Your objective |
From the first line through the line containing "随着光纤的大规模应用普及,V", transcribe the records exactly and include no other lines.

Records supplied |
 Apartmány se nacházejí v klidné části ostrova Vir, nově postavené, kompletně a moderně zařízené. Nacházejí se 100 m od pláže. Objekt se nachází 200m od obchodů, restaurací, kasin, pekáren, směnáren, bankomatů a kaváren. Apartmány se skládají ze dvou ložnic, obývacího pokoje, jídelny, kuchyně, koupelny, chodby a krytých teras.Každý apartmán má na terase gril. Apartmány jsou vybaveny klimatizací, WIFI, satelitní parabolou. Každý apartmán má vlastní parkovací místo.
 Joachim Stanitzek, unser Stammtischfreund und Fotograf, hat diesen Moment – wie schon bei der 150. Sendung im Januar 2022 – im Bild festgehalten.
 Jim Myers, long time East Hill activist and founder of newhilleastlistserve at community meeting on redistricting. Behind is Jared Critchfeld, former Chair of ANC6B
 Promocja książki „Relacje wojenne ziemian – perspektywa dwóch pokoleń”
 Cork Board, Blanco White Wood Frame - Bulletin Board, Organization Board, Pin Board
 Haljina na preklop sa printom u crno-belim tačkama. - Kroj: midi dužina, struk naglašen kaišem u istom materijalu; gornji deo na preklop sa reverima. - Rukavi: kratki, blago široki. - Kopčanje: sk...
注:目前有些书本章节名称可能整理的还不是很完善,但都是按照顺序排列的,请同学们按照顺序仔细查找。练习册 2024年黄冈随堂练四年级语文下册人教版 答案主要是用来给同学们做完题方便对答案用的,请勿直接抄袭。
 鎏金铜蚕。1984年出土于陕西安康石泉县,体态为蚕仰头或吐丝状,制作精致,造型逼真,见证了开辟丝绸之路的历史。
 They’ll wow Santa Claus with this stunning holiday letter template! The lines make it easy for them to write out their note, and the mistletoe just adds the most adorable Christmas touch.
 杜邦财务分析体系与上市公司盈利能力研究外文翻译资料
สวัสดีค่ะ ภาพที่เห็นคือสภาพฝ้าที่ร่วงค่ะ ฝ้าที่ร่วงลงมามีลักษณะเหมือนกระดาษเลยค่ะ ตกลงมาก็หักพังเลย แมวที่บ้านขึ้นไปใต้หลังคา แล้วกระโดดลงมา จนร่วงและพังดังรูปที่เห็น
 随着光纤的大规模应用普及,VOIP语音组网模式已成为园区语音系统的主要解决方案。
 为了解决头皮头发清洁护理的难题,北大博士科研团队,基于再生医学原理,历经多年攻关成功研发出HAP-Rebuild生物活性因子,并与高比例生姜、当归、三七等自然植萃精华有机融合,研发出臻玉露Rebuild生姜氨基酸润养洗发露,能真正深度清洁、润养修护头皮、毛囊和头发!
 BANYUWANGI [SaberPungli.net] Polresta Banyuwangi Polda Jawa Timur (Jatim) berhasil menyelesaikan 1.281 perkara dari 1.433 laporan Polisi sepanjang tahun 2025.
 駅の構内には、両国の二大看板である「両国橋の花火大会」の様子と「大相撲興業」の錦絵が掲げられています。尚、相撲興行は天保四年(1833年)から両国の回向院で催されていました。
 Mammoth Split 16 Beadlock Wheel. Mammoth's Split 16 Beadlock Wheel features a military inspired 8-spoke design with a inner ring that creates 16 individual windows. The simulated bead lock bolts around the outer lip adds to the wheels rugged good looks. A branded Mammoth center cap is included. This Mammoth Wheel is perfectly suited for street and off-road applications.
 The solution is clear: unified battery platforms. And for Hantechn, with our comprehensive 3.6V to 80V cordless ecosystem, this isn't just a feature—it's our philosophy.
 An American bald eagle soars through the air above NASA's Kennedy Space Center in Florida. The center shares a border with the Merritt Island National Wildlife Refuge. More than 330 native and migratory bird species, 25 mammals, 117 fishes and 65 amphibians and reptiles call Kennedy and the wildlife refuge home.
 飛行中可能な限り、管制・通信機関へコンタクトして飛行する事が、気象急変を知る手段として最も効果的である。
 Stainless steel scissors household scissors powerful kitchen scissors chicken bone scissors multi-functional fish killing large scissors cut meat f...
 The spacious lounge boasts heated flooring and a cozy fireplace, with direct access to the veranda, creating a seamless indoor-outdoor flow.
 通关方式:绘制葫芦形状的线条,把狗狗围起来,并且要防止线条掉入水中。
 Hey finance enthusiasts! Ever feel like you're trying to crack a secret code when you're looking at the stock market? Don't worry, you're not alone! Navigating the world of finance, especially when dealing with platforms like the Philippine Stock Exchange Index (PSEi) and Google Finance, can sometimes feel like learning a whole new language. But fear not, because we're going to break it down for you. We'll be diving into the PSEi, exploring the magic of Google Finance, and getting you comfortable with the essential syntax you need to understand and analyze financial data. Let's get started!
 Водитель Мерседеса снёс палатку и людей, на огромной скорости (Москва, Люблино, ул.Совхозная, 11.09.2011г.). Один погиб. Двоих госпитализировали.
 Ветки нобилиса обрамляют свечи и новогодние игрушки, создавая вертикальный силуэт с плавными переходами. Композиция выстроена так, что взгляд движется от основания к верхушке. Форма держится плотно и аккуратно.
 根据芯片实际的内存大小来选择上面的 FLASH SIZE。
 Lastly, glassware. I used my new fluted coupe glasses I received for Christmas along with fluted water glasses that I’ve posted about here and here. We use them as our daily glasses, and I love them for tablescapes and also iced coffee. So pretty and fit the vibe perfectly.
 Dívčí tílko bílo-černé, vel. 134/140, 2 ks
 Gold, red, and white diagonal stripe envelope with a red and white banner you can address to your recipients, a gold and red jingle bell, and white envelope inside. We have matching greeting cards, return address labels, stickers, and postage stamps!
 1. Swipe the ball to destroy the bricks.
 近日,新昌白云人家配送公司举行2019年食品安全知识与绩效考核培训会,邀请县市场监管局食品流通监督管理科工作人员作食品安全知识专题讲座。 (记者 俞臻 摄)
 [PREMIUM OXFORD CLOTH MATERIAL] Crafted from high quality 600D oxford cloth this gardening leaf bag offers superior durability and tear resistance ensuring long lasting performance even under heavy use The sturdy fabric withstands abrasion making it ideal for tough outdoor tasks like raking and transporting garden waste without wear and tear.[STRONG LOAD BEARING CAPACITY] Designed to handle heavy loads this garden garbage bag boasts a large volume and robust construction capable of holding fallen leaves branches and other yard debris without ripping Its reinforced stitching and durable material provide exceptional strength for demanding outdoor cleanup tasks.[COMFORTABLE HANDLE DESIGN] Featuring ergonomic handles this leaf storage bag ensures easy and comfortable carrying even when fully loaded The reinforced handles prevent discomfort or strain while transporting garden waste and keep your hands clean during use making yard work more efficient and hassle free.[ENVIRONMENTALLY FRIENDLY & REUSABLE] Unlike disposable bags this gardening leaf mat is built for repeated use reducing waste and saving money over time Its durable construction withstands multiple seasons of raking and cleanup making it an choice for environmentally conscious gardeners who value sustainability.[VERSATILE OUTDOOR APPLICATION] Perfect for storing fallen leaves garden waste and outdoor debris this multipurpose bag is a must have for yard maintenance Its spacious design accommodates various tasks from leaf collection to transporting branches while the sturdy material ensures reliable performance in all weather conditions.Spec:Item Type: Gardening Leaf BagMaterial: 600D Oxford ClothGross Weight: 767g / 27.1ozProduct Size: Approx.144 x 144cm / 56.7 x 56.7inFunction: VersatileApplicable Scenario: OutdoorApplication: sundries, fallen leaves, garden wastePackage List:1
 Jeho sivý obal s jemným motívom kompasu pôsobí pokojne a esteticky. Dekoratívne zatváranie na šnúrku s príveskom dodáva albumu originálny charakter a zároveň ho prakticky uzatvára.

Task result |
 Apartmány se nacházejí v klidné části ostrova Vir, nově postavené, kompletně a moderně zařízené. Nacházejí se 100 m od pláže. Objekt se nachází 200m od obchodů, restaurací, kasin, pekáren, směnáren, bankomatů a kaváren. Apartmány se skládají ze dvou ložnic, obývacího pokoje, jídelny, kuchyně, koupelny, chodby a krytých teras.Každý apartmán má na terase gril. Apartmány jsou vybaveny klimatizací, WIFI, satelitní parabolou. Každý apartmán má vlastní parkovací místo.
 Joachim Stanitzek, unser Stammtischfreund und Fotograf, hat diesen Moment – wie schon bei der 150. Sendung im Januar 2022 – im Bild festgehalten.
 Jim Myers, long time East Hill activist and founder of newhilleastlistserve at community meeting on redistricting. Behind is Jared Critchfeld, former Chair of ANC6B
 Promocja książki „Relacje wojenne ziemian – perspektywa dwóch pokoleń”
 Cork Board, Blanco White Wood Frame - Bulletin Board, Organization Board, Pin Board
 Haljina na preklop sa printom u crno-belim tačkama. - Kroj: midi dužina, struk naglašen kaišem u istom materijalu; gornji deo na preklop sa reverima. - Rukavi: kratki, blago široki. - Kopčanje: sk...
注:目前有些书本章节名称可能整理的还不是很完善,但都是按照顺序排列的,请同学们按照顺序仔细查找。练习册 2024年黄冈随堂练四年级语文下册人教版 答案主要是用来给同学们做完题方便对答案用的,请勿直接抄袭。
 鎏金铜蚕。1984年出土于陕西安康石泉县,体态为蚕仰头或吐丝状,制作精致,造型逼真,见证了开辟丝绸之路的历史。
 They’ll wow Santa Claus with this stunning holiday letter template! The lines make it easy for them to write out their note, and the mistletoe just adds the most adorable Christmas touch.
 杜邦财务分析体系与上市公司盈利能力研究外文翻译资料
สวัสดีค่ะ ภาพที่เห็นคือสภาพฝ้าที่ร่วงค่ะ ฝ้าที่ร่วงลงมามีลักษณะเหมือนกระดาษเลยค่ะ ตกลงมาก็หักพังเลย แมวที่บ้านขึ้นไปใต้หลังคา แล้วกระโดดลงมา จนร่วงและพังดังรูปที่เห็น
 随着光纤的大规模应用普及,VOIP语音组网模式已成为园区语音系统的主要解决方案。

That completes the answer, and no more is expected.